Speaking on a webinar Wednesday, Platts Analytics senior gas analyst Gilles Heyberger said the continental Northwest European storage surplus is expected to expand to above 6 Bcm based on recent supply and demand, before falling at the start of the third quarter.
"Injections need to drop dramatically to achieve this," Heyberger said.
"This injection pattern leads to storages being almost entirely full by the end of August, with very limited injections in September and slight withdrawals in October," he said.
Heyberger said, however, that there was downside risk to this view.
"A slightly looser balance would require injections that cannot be accommodated," he said, adding that as remaining storage space dwindled there would be an increase in prompt price volatility.
According to data from Gas Infrastructure Europe, gas storage sites have been filling quickly in April and May across all of Europe, with German stocks already 81.4% full as of May 19.
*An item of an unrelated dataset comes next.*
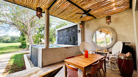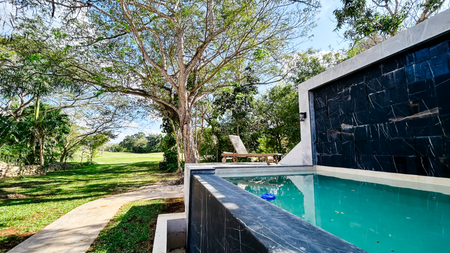 Casa Algarrobos trae consigo acabados de lujo en una sola planta, con pisos de mármol, piscina con una fuente, espejo de agua, entre más.

Germany already has a total of 184.7 TWh (17.5 Bcm) stored just one and a half months into the six-month injection season.
The strong injections come on the back of a significant storage overhang at the end of another mild winter following a strong storage build at the end of 2019 due to fears -- ultimately unfounded -- that Russian deliveries via Ukraine could have been disrupted at the start of 2020.
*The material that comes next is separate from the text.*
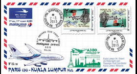 A380-216 : 2013 - FFC FRANCE "Airbus A380 Malaysia Airlines - 1er Vol Paris-Kuala Lumpur" Prix 12,00 €

The storage situation is similar in other countries, with Austrian storage already 81.7% full and Spain 75% full, according to GIE.
Based on average injection rates over the past five Gas Years, storage sites could be full by mid-August.
Germany and Austria could see their storage sites fill to capacity first if injection rates match the average from the past five years, with some industry observers expecting them to be full as early as July.
They would likely be followed by the Netherlands, France, Hungary and the Czech Republic in late August.
Consultancy Poten & Partners in a recent webinar said storage sites could fill to capacity even by the end of July given high injection rates, a view echoed by the Oxford Institute for Energy Studies which said in a recent paper that it was "highly likely" that European storage facilities would reach full capacity by August, if not July.
The current seasonal spread is certainly incentivizing strong injections.
S&P Global Platts assessed the TTF Winter 2020 contract on Wednesday at Eur11.425/MWh, a premium of more than Eur7.50/MWh over the TTF day-ahead price of just Eur3.85/MWh.
However, some traders could though look to retain their European storage optionality and wait to see if prices fall even further later in the summer before injecting.
Gas analyst Gergely Molnar from the International Energy Agency told Platts Thursday that the current seasonal spreads certainly provided a "clear incentive for injections."
And with EU storage sites set to fill quickly, traders could look to the spare capacity in Ukrainian storage facilities to find a home for their gas.
"Once storage in the EU is getting saturated more interest could arise for storage space in Ukraine," Molnar said.
"Discounted transport tariffs and backhauling could further reduce the cost of using storage sites in Ukraine," he said.
The OIES also sees Ukraine as helping to balance the European gas market, saying that European shippers could inject 5-6 Bcm of gas into Ukrainian storage this summer.